> _What is being asked_
Repeat every record exactly as written, but leave out the pictures.

> _Study material_
═══
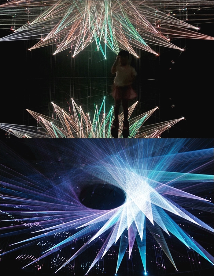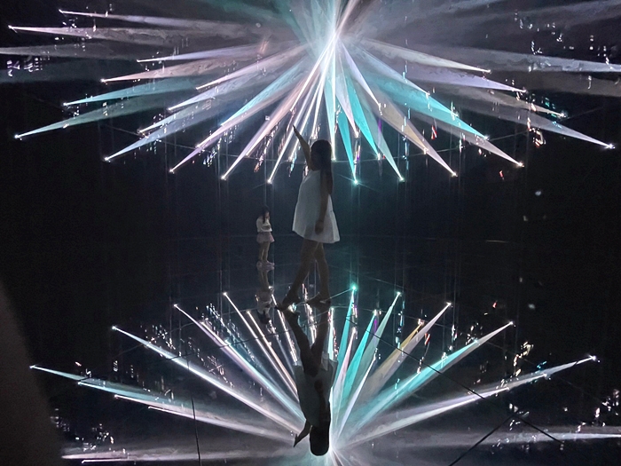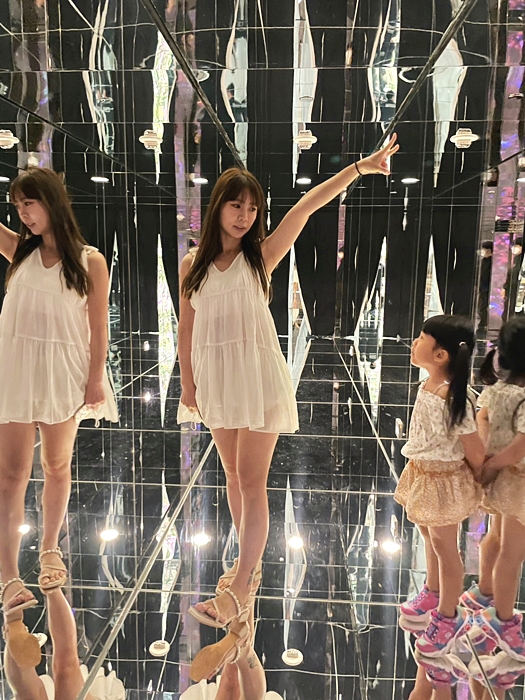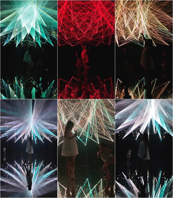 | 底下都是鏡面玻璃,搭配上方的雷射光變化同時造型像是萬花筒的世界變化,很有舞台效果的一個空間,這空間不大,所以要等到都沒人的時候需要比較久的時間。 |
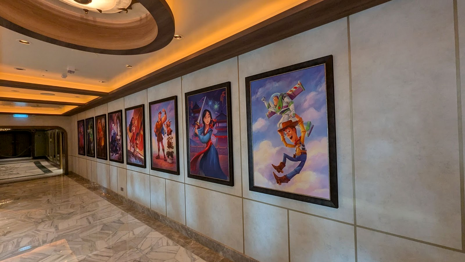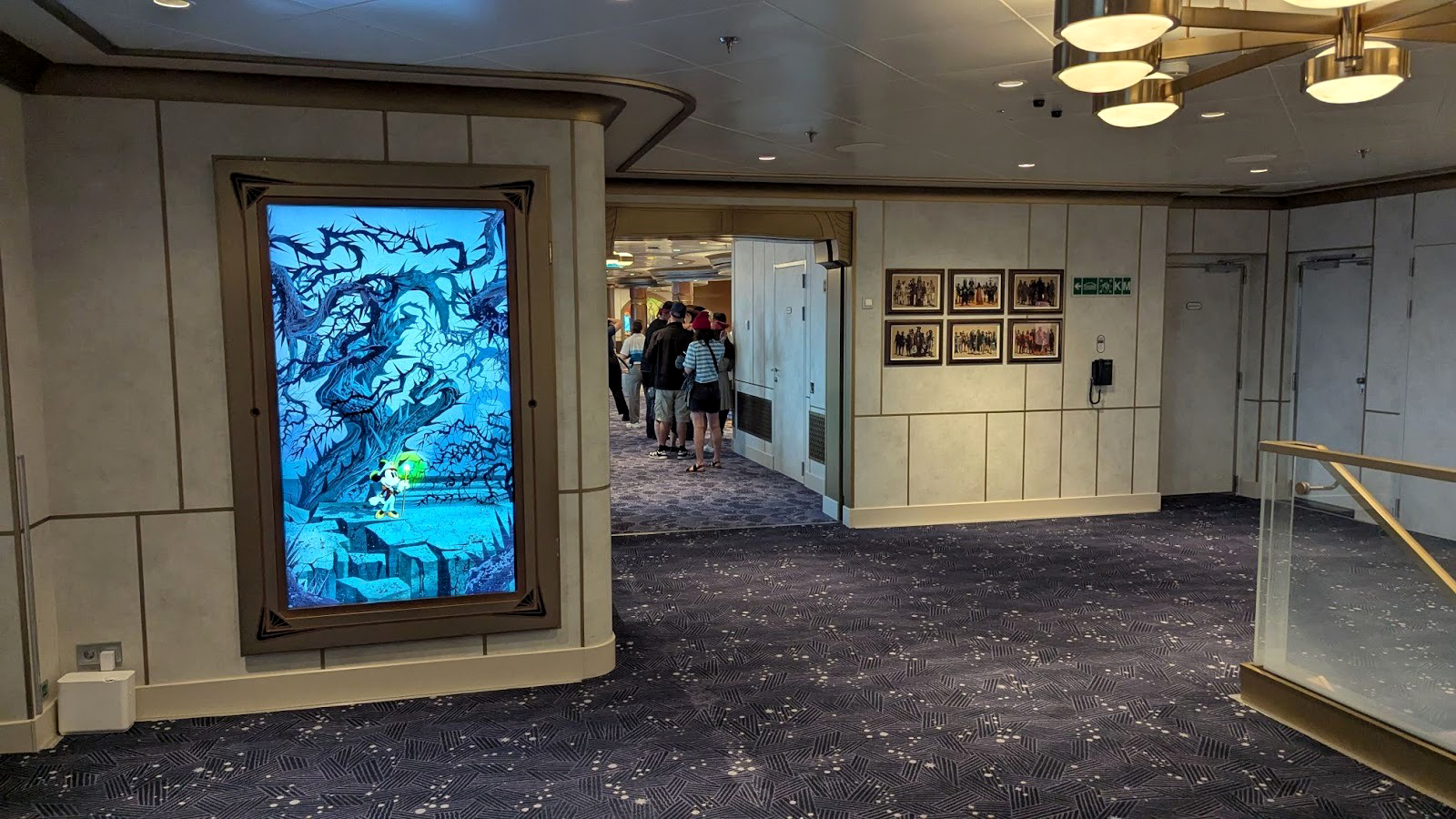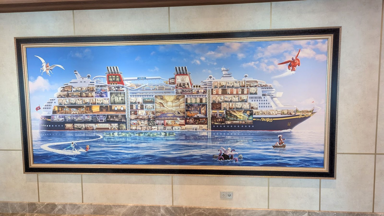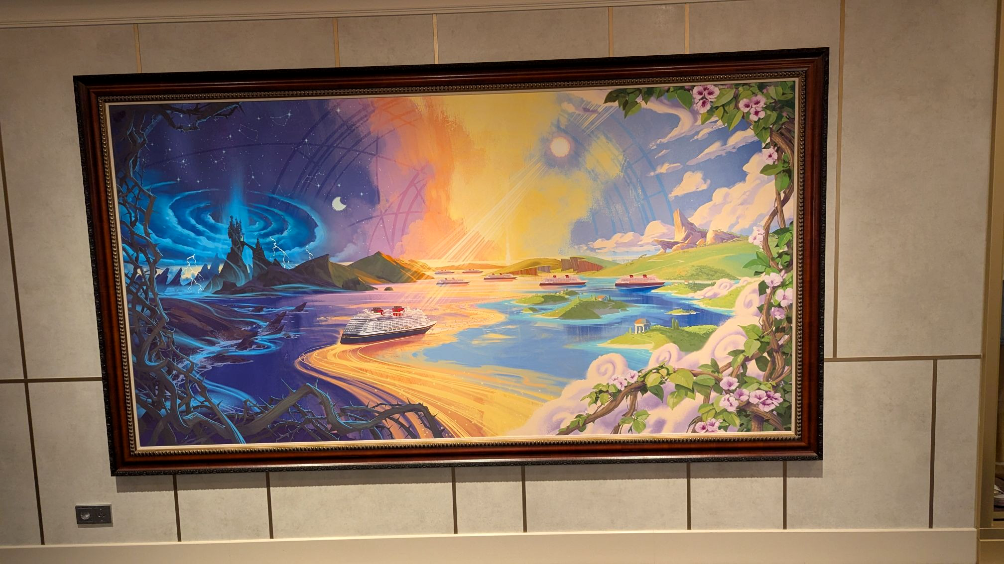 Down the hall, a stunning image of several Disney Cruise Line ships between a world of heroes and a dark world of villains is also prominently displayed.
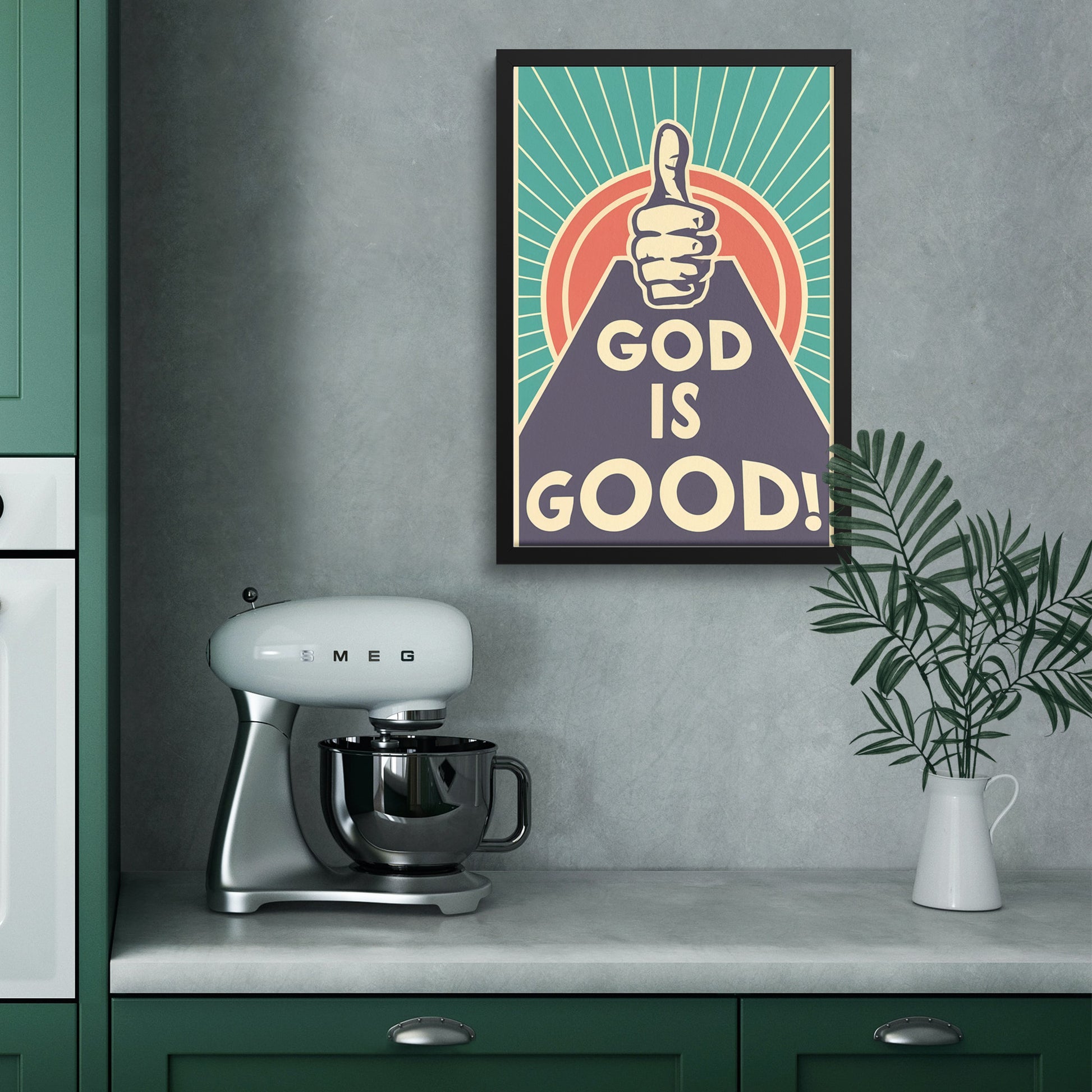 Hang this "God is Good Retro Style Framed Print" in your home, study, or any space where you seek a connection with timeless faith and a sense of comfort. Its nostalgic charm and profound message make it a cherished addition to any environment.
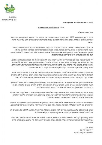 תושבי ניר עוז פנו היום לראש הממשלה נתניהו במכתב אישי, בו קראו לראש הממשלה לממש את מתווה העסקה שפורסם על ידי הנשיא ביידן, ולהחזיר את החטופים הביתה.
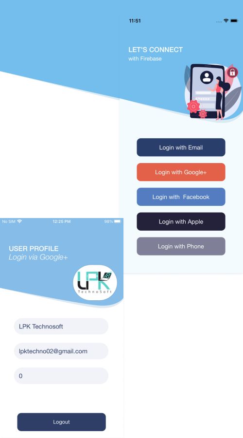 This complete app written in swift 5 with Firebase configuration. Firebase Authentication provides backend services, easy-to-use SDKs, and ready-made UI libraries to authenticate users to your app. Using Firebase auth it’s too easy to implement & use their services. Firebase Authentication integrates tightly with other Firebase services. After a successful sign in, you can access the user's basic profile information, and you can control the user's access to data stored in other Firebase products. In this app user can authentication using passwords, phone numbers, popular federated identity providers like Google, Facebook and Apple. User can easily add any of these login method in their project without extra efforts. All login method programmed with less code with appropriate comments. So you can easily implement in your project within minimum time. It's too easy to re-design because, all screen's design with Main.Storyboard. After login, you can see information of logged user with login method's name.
═══
> _Solution for this task_
 | 底下都是鏡面玻璃,搭配上方的雷射光變化同時造型像是萬花筒的世界變化,很有舞台效果的一個空間,這空間不大,所以要等到都沒人的時候需要比較久的時間。 |
 Down the hall, a stunning image of several Disney Cruise Line ships between a world of heroes and a dark world of villains is also prominently displayed.
 Hang this "God is Good Retro Style Framed Print" in your home, study, or any space where you seek a connection with timeless faith and a sense of comfort. Its nostalgic charm and profound message make it a cherished addition to any environment.
 תושבי ניר עוז פנו היום לראש הממשלה נתניהו במכתב אישי, בו קראו לראש הממשלה לממש את מתווה העסקה שפורסם על ידי הנשיא ביידן, ולהחזיר את החטופים הביתה.
 This complete app written in swift 5 with Firebase configuration. Firebase Authentication provides backend services, easy-to-use SDKs, and ready-made UI libraries to authenticate users to your app. Using Firebase auth it’s too easy to implement & use their services. Firebase Authentication integrates tightly with other Firebase services. After a successful sign in, you can access the user's basic profile information, and you can control the user's access to data stored in other Firebase products. In this app user can authentication using passwords, phone numbers, popular federated identity providers like Google, Facebook and Apple. User can easily add any of these login method in their project without extra efforts. All login method programmed with less code with appropriate comments. So you can easily implement in your project within minimum time. It's too easy to re-design because, all screen's design with Main.Storyboard. After login, you can see information of logged user with login method's name.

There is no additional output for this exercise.